I was reading through this paper and noticed a seemingly simple algebraic lemma (Lemma 2 on page 6) for which a proof is not given. I cannot seem to prove the fact myself, so I was hoping to turn to the math commmunity for help.
The lemma is as follows: Let $f(x)$ be a polynomial in $x$ of degree $p$ with non-negative coefficients. Then, for any $x,y \geq 0$, \begin{align*} y \cdot f(x+1) \leq \frac{C_0(p) \cdot y \cdot f(y)}{2} + \frac{x \cdot f(x)}{2} \end{align*} where $C_0(p) = p^{p(1 - o(1))}$.
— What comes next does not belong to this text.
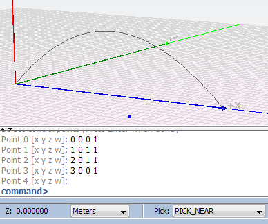 This option allows the user to generate a NURBS curve specifying its control points. After selecting this option, the console will require the degree of the curve (e.g. 1 for a linear NURBS curve, 2 for a quadratic NURBS curve and so on). After that, the user needs to specify as many control points (specifying their Cartesian coordinates as well as the weight associated with each point) as wished. When enough points are inserted, the user can press Enter to finish.

I don't really understand what this $C_0(p)$ function represents and would appreciate any help in proving this lemma!
I think that the lemma is false.
For $f(x)=x^p,x=0$ and $y=C_0(p)^{-1/p}$, one has $$y \cdot f(x+1)=C_0(p)^{-1/p}\color{red}{\gt}\frac{C_0(p)^{-1/p}}{2}= \frac{C_0(p) \cdot y \cdot f(y)}{2} + \frac{x \cdot f(x)}{2}.$$
There are many counterexamples.
If $f(x)=Ax^p+B,x=0$ and $y\gt 0$ with $A\gt 0$ and $B\geqslant 0$, then $$y \cdot f(x+1) \color{red}{\gt} \frac{C_0(p) \cdot y \cdot f(y)}{2} + \frac{x \cdot f(x)}{2}$$ is equivalent to $$y\lt \bigg(\frac{2A+2B-BC_0(p)}{AC_0(p)}\bigg)^{1/p}.\tag1$$
Here, $2A+2B-BC_0(p)$ has to be positive, and then, every positive real number $y$ satisfying $(1)$ works as a counterexample.
So, one can say that the following is a counterexample :
Added : I'm going to add some observations.
$$y \cdot f(x+1) \le \frac{C_0(p) \cdot y \cdot f(y)}{2} + \frac{x \cdot f(x)}{2}\tag2$$
$f(x)=x+1,x=1,y=4$ is a counterexample. So, it is false that if $f(x)$ is a polynomial in $x$ of degree $p$ with non-negative coefficients, then for any pair of non-negative integers $(x,y)$, $(2)$ holds.
$(2)$ holds for $f(x)=x+1, x=3/2,y=11/2$ where $p=1$. So, it is false that if $f(x)$ is a polynomial in $x$ of degree $p$ with non-negative coefficients and $(2)$ holds, then $x,y$ are non-negative integers.
$(2)$ holds for $f(x)=x+1, x=1,y=5$ where $p=1$.